Section 719.106 was also amended to require that an election challenge be commenced within 60 days after the election results are announced. Also, within 90 days after being elected or appointed to the board, each new director must certify in writing that he or she has read the cooperative documents, will work to uphold such documents and policies to the best of his or her ability, and will faithfully discharge his or her fiduciary responsibility. The newly elected or appointed director may, in the alternative, provide the association with a certificate of satisfactory completion of an education class administered by a Division approved education provider, within one year before or 90 days after the date of the election or appointment.

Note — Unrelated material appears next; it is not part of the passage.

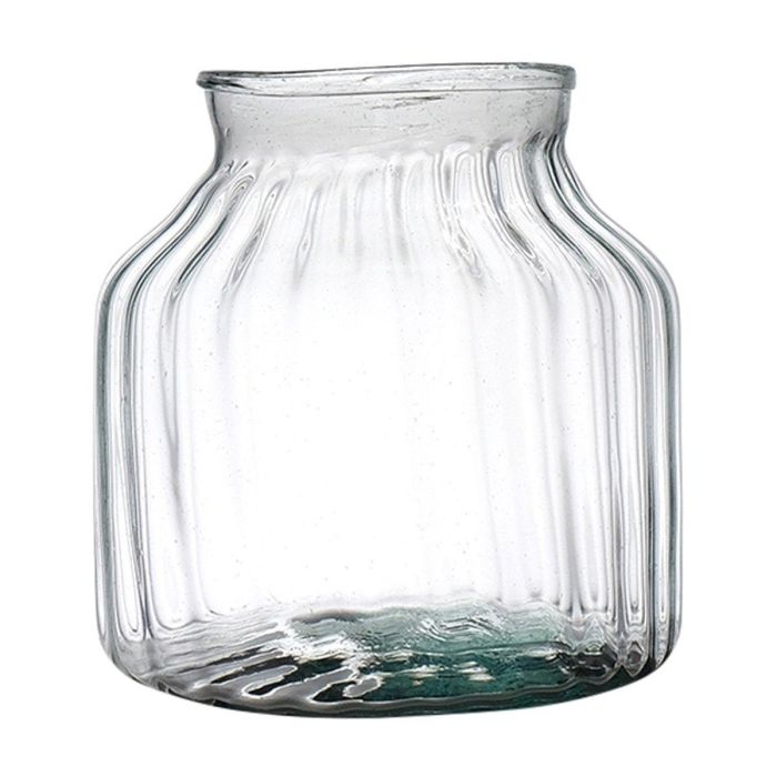 Lanterna in vetro QUINN EARTH con scanalature, riciclato, verde-trasparente, 20cm, Ø21cm

A director’s written certification or educational certificate must be kept as part of the association’s official records for five years after the election, or the duration of the director’s uninterrupted tenure, whichever is longer.
Section 719.106 was also amended in the same manner as Section 718.112 with respect to recalls of directors.

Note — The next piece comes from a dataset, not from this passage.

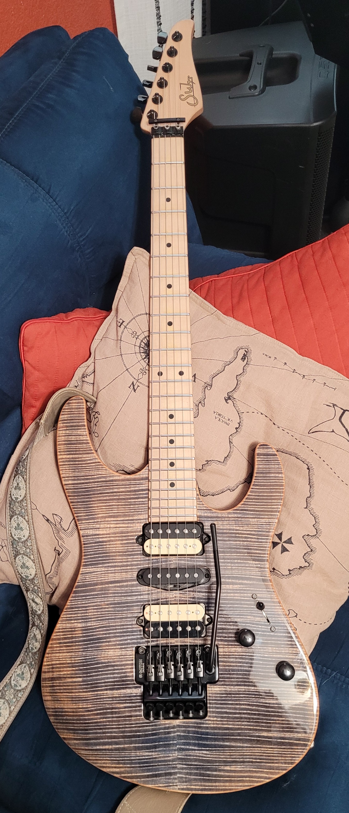 That is absolutely stunning. I want one. But I can’t find anything like it online.The denim Modern is the metal/shredder in my collection. It has a Swamp Ash body with a Flame Maple top, pups are SSV-V60LP-Aldrich. The neck is the Modern Elliptical .800-.850, 10"-14" compound radius, jumbo SS frets. It is tuned half a step down to Eb and I have a .009-.042 string set on it. I'll be using it for an Ozzy celebration of life this coming Sunday

Revisions Specific to Homeowners’ Associations
Section 720.306 now provides for an easier process for a homeowners’ association to obtain mortgagee consent for amendments to governing documents. Section 720.306 was amended to delete the requirement that a member submit a written request in order to speak at any members’ meeting.
HOUSE BILL 7119 – REVISIONS APPLICABLE TO HOMEOWNERS’ ASSOCIATIONS ONLY EXCEPT FOR DISCIPLINARY ACTION AGAINST COMMUNITY ASSOCIATION MANAGERS (EFFECTIVE JULY 1, 2013)

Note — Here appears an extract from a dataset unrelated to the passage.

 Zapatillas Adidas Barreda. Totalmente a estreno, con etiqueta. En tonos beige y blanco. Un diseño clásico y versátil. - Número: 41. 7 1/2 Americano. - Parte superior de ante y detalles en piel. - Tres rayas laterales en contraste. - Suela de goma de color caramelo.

Disciplinary action can be taken against community association managers (CAMs) who violate any provision of Chapters 718, 719 or 720 when performing community association management service pursuant to a contract with a community association, as defined in Section 468.431(1).
Official records, which may be maintained online or in an electronic format, must be maintained in the state for at least seven years and made available to a parcel owner for inspection or photocopying within 45 miles of the community or within the county in which the association is located. A homeowners’ association must allow a member to use a portable device to make an electronic copy of the official records and cannot charge the member who uses a portable device. A homeowners’ association may impose fees to cover the costs required for personnel to retrieve copies of records provided that:
- time spent retrieving and copying records exceeds one-half hour, and
- personnel costs do not exceed $20 per hour.
A homeowners’ association may not impose fees to cover personnel costs for records requests that result in the copying of 25 or fewer pages. A homeowners’ association may charge up to $0.25 per page for copies made on the homeowners’ association’s photocopier or, if the association does not have a photocopier available where the records are kept, the homeowners’ association may charge the actual cost of copying as supported by the invoice of an outside duplicating service.
New Reporting Requirement
The community association manager or management company (or association if there is no manager/management company) must report specific information by November 22, 2013, to the Division of Florida Condominiums, Timeshares, and Mobile Homes. The required information includes the association’s legal name, federal employer identification number, mailing and physical addresses, total number of parcels and total amount of revenues and expenses from the homeowners’ association’s annual budget. Developer controlled homeowners’ associations must also include the developer’s legal name, mailing address and total number of parcels owned by the developer as of the reporting date. An online registration system for these reporting requirements will be set up by October 1, 2013. The Division must prepare and present an annual report of such information to the Governor and Florida Legislature by December 1, 2013, and every subsequent year.
Requirements For New Directors
Within 90 days of being elected or appointed to the board, each director must certify in writing to the secretary of the homeowners’ association that he or she has read certain documents, rules and policies, will uphold the policies to the best of his ability, and will faithfully discharge his or her fiduciary duties to the members. There is an alternative option provided in the statute for an educational certification.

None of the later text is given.